The components marked with '(pool)' can have multiple instances running. Instances can be added or removed from the system when scaling up or down.
The API and cache database can be placed on any geographic location. They do not need to be near the main location.
✔️ Each component requires an environment running ubuntu 16 or higher.
✔️ A component needs at least 16GB RAM, 32GB hard disk and 8 CPU’s
✔️ We recommend to run components on their own (virtual server) for optimal performance, but this is not required and can also be done in a later stage.
✔️ When launching with more than one API component in the pool a load balancer is required.
✔️ The main database and the temporary file receiver must be hosted on the same physical location. (geographically close)
✔️ Communication directly (bypassing ED) with the passive S3 bucket is allowed in read only mode. When you write to the S3 bucket as well, there is no way to guarantee the working of ED. We highly recommend not to do this and to disable this functionality. Files should always be added to your S3 bucket via ED.

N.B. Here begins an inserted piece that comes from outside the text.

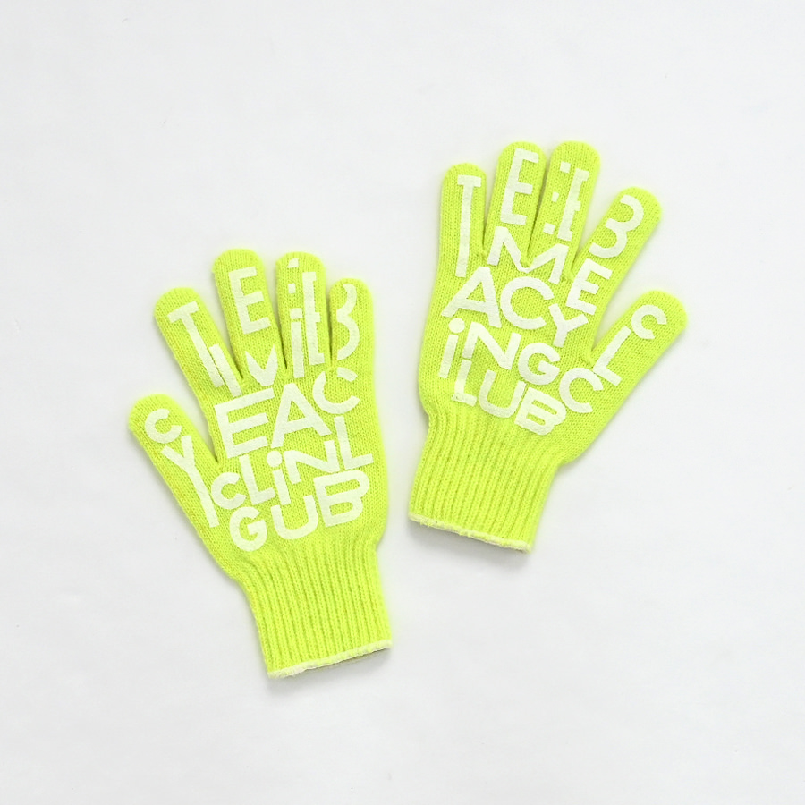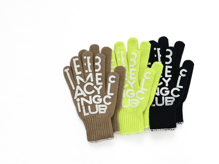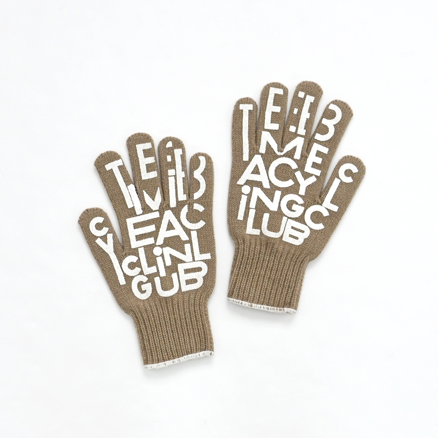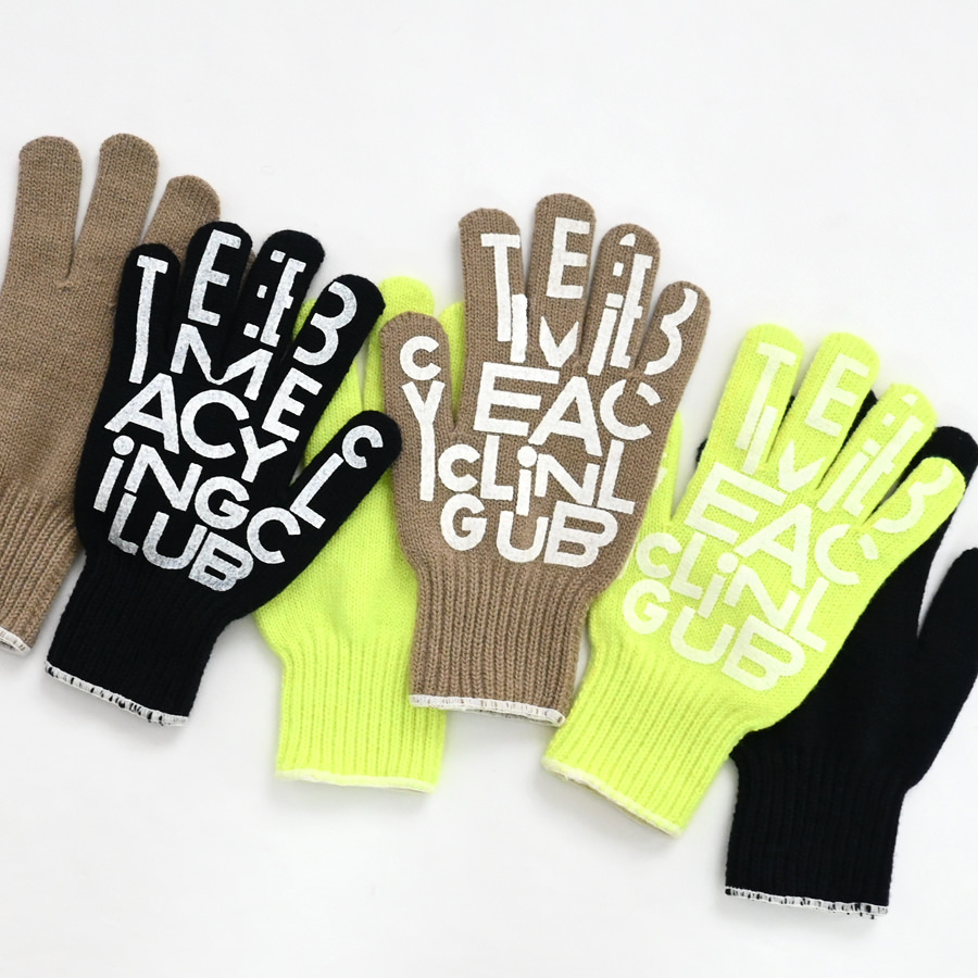 ウールとアクリル混素材にオリジナルで作成した TEMBEA CYCLING CLUBの滑り止めロゴがプリントされています。

An ED consultant will be dedicated to your launch, so these steps will not have to be taken by the client alone.
🔘 Download the ED docker image
🔘 Run the docker image
🔘 Edit the configuration file (inside the docker image) to match your needs and connect your file storage
🔘 Run the setup file (inside the docker image)
The component will now be launched on the server.
It is important to launch the central database and file system components first, as they are prerequisites for a few other components.
Your Ellipsis Drive instance takes care of all internal features, some general cloud infrastructure features are however inherited from the cloud you are in. These features you will need to configure outside of your Ellipsis Drive instance and configure in your cloud. These things include
- backups. You are recommended to backup your passive storage component as well as the active raster and vector components. Since the acitve storage can be restored from the passive storage the passive storage backup is the only true requirement.
- Cloud armour. To protect yourself against DDOS attacks we reccomend to use some form of cloud armour from your cloud provider.
- Load balancing. If your Ellipsis Drive instance is multi region you will need a load balancer from you cloud provider in order to redirect users to the location nearest to them.
- Auto scaling. If you wish to add additional nodes dynamically based on usage you will need to create scripts for this. Ellipsis Drive will switch resources allocated to it on and off based on need. But it will not create new resources.
Are there any features in the public ED version that will not be available in the private instance?
No, your private ED instance will be a copy of the public one. However, you can configure it with alternative security settings (see the list above). Changing these settings can mean that some functionality may disappear. For example, if you do not wish to facilitate link sharing due to security concerns, some link sharing functionality will not be available.